My overall feeling is that if I could spend endless time and energy, my C programs would be as fast as Rust, if not faster, because theoretically, there is nothing that C can do that Rust cannot. However, in practice, C has less abstraction, a more primitive standard library, and terrible dependencies, and I really do not have the time to “reinvent the wheel” every time.

Similarities and Differences Between Rust and C

Both Are “Portable Assemblers”

Both Rust and C provide control over data structure layout, integer sizes, heap vs. stack memory allocation, and pointer indirection control. Generally, as long as the compiler inserts a bit of “magic,” it can be translated into understandable machine code. Rust even acknowledges that bytes have 8 bits and that signed integers can overflow!
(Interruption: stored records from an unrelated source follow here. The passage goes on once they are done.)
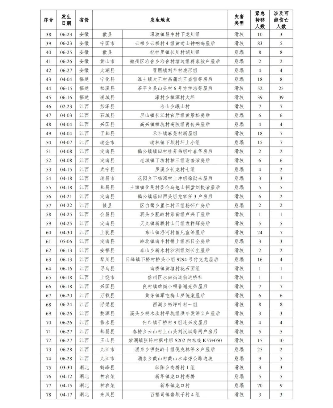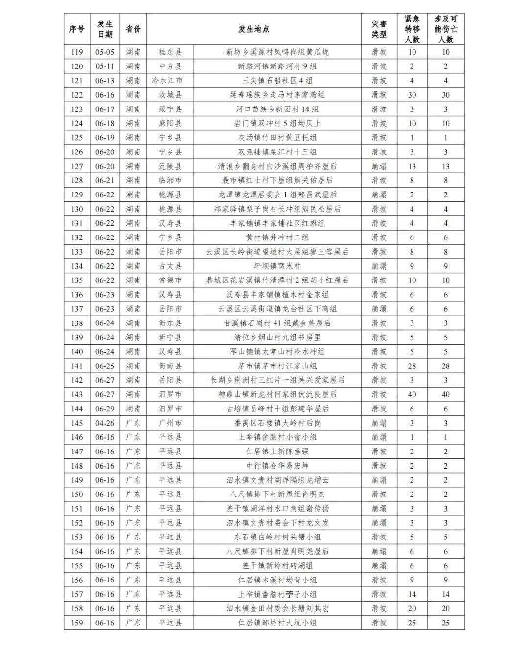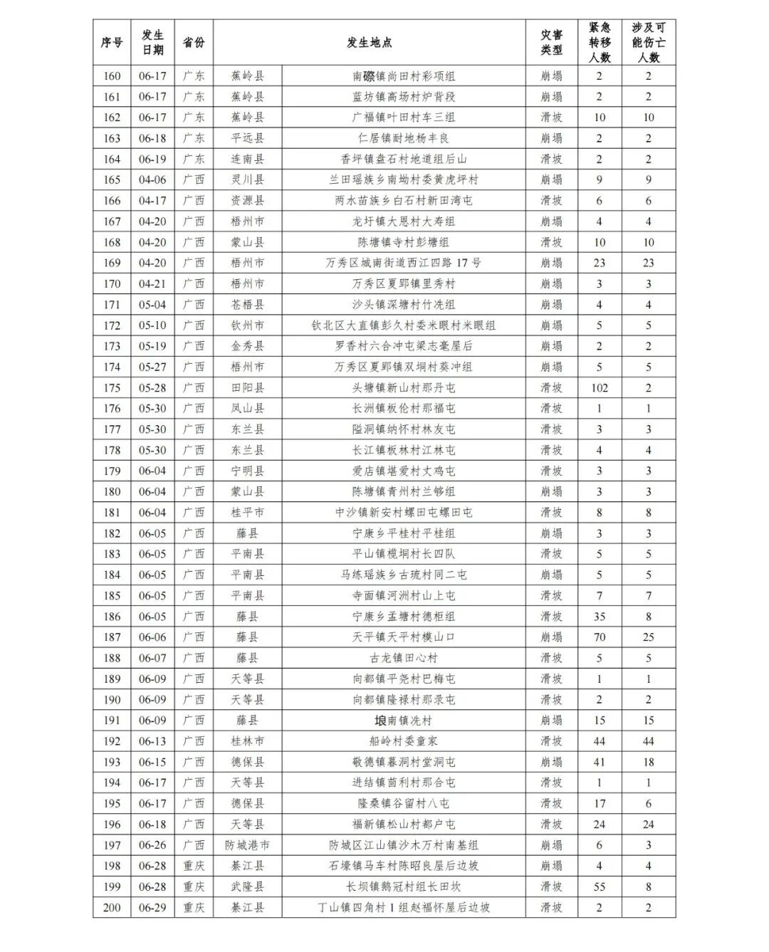 6月16日,广东省梅州市平远县仁居镇邹坊村大坑小组发生滑坡,因提前撤离受威胁住户25人,未造成人员伤亡。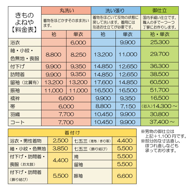 当店の料金表の最新版がこちらです。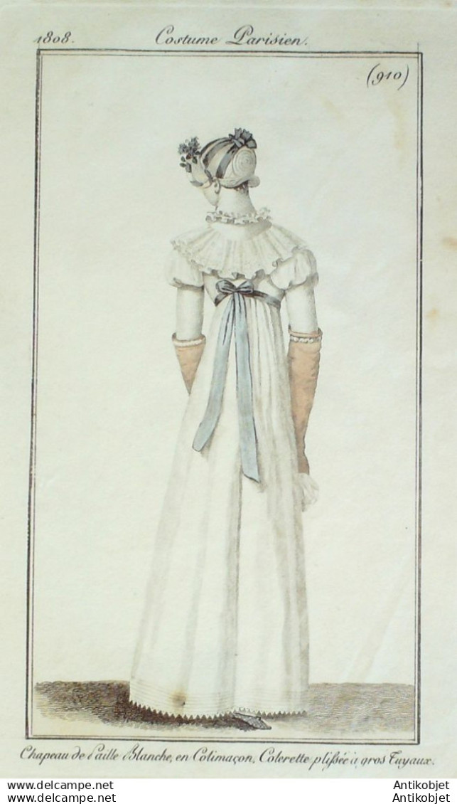 Gravure Mode Costume Parisien 1808 # 910 (eau forte old Fashion plate
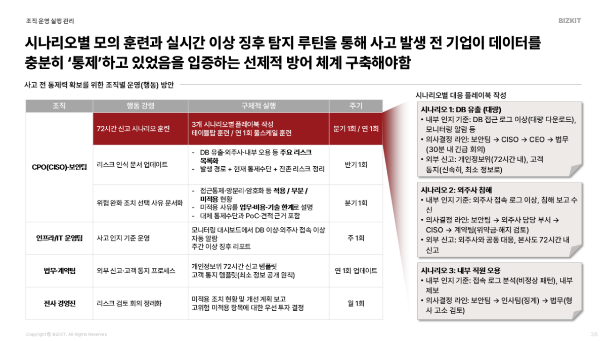 - 72시간 대응 시나리오: 인지부터 신고까지, 실제 훈련 기록 기반의 대응 체계 확보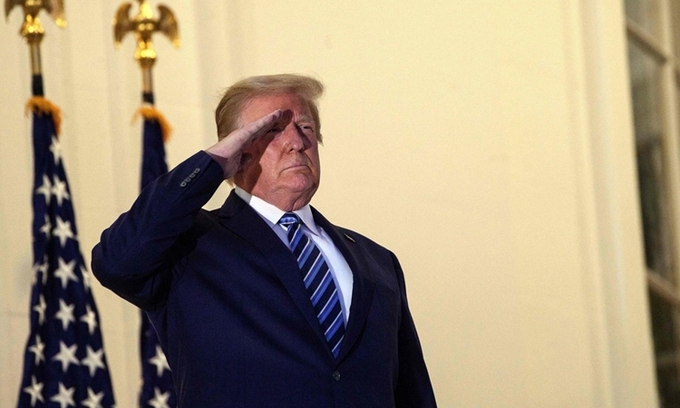 Sau khi rời Trung tâm Quân y Quốc gia Walter Reed để trở về Nhà Trắng, Tổng thống Trump đă tự đi bộ lên tầng hai, bước ra ban công, bỏ khẩu trang vào túi và giơ tay chào.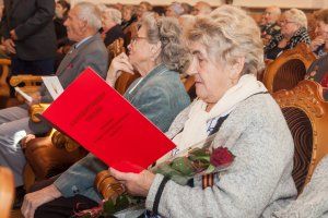 В малом зале Дворца Республики собрались члены Союза ветеранов войны, труда и вооруженных сил. Поздравили виновников торжества заместитель Председателя Верховного Совета Галина Антюфеева, депутаты Илона Тюряева и Андрей Сафонов, глава правительства Александр Мартынов.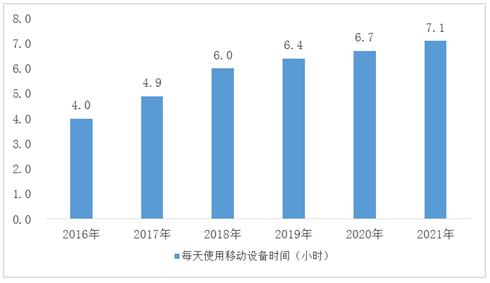 图表:2016-2021年中国用户每天使用移动设备时间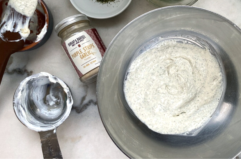 Stir in a teaspoon of purple stripe garlic powder, add 2 tablespoons of olive oil, and stir to emulsify.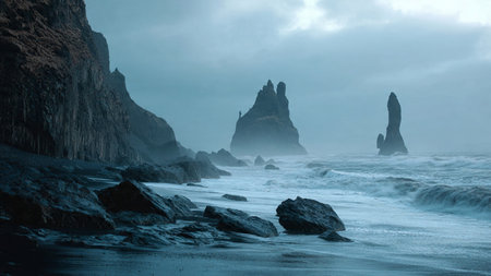 Black sand beach in the fog. Beautiful seascape. Toned.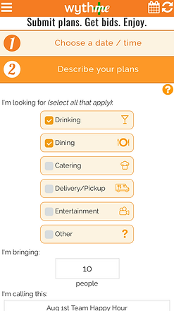 WythMe users submit custom plans with a date / time, number of people, an area they'd like to go, and other optional descriptors.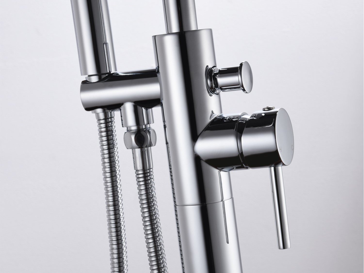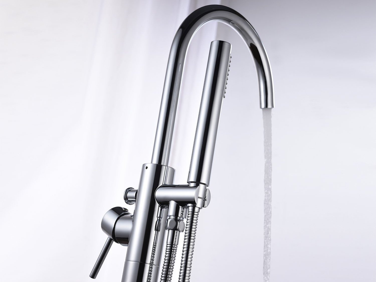 Aantal:1 <br /> Merk: Vonato <br /> Productnaam:Vrijstaande badkraan <br /> Type: FAUCET CHROME <br /> Model:Vrijstaand <br /> Kleur:Zilver (chroom) <br /> Afmetingen: De kraan is 111 cm hoog en de breedte is ca. 25 cm. <br /> Voorzien van: Uitneembare handdouche - Buis, handdouche en beugel van messing - 360 graden draaibare uitloop <br /> <br /> Conditie: Nieuw <br /> Ter waarde van: € 795,00
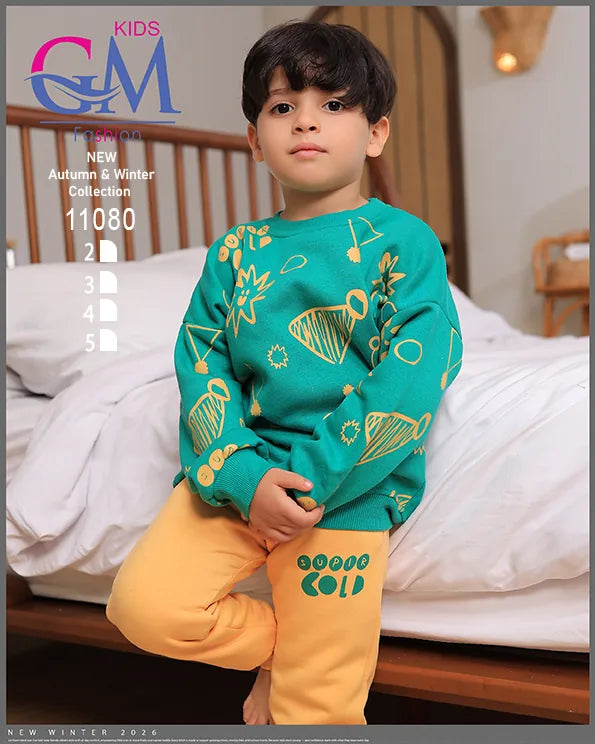 ترنج شتوي أولادي عملي ودافئ من خامة الميلتون القطني المريحة، تصميم عصري برسومات كاجوال تضيف حيوية لإطلالة طفلك. جاكت وبنطلون بكم كامل ومقاسات مناسبة من 2 حتى 5 سنوات.

While Rust has higher-level structures like iterators, traits, and smart pointers, these structures are designed to optimize directly into predictable machine code (that is, “zero-cost abstractions”). The memory layout of Rust types is straightforward; for example, a growable string and vector are simply {byte, capacity, length}. Rust does not have concepts like move or copy constructors, so passing objects is no more complex than passing pointers or using memcpy.

The borrow checker is merely a form of static analysis at compile time. It does nothing before code generation, and the lifetime information is completely stripped away. There are no clever practices like autoboxing.
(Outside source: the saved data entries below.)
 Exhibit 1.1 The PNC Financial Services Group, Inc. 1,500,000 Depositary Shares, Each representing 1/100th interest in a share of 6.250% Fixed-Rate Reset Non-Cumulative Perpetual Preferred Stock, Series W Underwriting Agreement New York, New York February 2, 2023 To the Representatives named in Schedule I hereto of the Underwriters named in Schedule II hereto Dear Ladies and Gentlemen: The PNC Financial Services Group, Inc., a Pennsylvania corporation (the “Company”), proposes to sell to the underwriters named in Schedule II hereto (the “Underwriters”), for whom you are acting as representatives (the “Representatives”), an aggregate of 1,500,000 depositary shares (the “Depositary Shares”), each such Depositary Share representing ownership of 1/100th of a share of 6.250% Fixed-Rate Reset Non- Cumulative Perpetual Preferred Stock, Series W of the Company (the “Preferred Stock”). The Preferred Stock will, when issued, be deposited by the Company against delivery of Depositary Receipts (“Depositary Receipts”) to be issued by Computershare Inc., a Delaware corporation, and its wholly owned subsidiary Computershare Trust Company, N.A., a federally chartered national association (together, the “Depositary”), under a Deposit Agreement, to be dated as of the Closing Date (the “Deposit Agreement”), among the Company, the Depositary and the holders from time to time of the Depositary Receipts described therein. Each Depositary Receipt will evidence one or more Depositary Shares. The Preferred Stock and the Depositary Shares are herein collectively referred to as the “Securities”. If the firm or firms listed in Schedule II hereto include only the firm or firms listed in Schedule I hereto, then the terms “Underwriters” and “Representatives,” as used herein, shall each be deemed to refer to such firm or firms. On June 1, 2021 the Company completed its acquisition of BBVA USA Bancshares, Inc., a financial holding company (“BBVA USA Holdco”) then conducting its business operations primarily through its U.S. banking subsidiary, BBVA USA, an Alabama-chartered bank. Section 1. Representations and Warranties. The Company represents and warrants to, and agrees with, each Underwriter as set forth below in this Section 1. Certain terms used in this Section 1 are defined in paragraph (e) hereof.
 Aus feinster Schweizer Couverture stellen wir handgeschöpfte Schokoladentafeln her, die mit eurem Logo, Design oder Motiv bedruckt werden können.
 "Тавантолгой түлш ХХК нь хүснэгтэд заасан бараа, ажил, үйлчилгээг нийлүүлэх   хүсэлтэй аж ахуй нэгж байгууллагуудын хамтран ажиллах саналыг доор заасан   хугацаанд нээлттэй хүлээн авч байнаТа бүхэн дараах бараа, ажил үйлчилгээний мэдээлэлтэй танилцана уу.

An example of Rust not being a “stupid” code generator is unwinding. Although Rust does not use exceptions for normal errors, panic (unhandled fatal errors) can selectively appear as C++ exceptions. This can be disabled at compile time (panic = abort), but even so, Rust does not like to mix with C++ exceptions or longjmp.

Same Old LLVM Backend

Rust integrates very well with LLVM, supporting Link-Time Optimization (LTO), including ThinLTO, and even inlining across C/C++/Rust language boundaries, as well as profile-guided optimization. Although the LLVM IR generated by rustc is much more verbose than clang, the optimizer handles it well.

When compiling with GCC, some of my C code can be faster than LLVM, and GCC does not have a Rust front end, while Rust does not achieve that.
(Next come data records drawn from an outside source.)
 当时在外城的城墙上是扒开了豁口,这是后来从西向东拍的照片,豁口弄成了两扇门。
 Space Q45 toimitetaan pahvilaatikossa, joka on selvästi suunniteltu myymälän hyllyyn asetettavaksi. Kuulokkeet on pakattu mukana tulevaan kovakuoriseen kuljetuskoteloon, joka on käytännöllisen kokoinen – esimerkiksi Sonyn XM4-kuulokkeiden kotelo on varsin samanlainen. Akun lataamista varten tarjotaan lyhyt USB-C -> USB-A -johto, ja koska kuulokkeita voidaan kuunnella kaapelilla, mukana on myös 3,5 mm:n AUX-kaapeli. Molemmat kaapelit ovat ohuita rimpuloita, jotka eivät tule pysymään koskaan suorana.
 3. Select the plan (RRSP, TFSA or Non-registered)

Theoretically, Rust allows for better optimizations than C due to stricter immutability and aliasing rules, but in practice, this has not yet happened. For LLVM, optimizations other than C are ongoing, so Rust has not yet fully realized its potential.

Both Allow Manual Tuning with Few Exceptions

Rust code is low-level and predictable, allowing me to manually tune the optimized assembly. Rust supports SIMD and provides good control over inlining, calling conventions, etc. The Rust language is so similar to C that C profilers can usually be used with Rust (for example, I can use Xcode’s tools on a Rust-C-Swift sandwich program).

Generally speaking, there is not much difference between optimizing Rust and C when performance is absolutely critical and needs to be hand-tuned to the last detail.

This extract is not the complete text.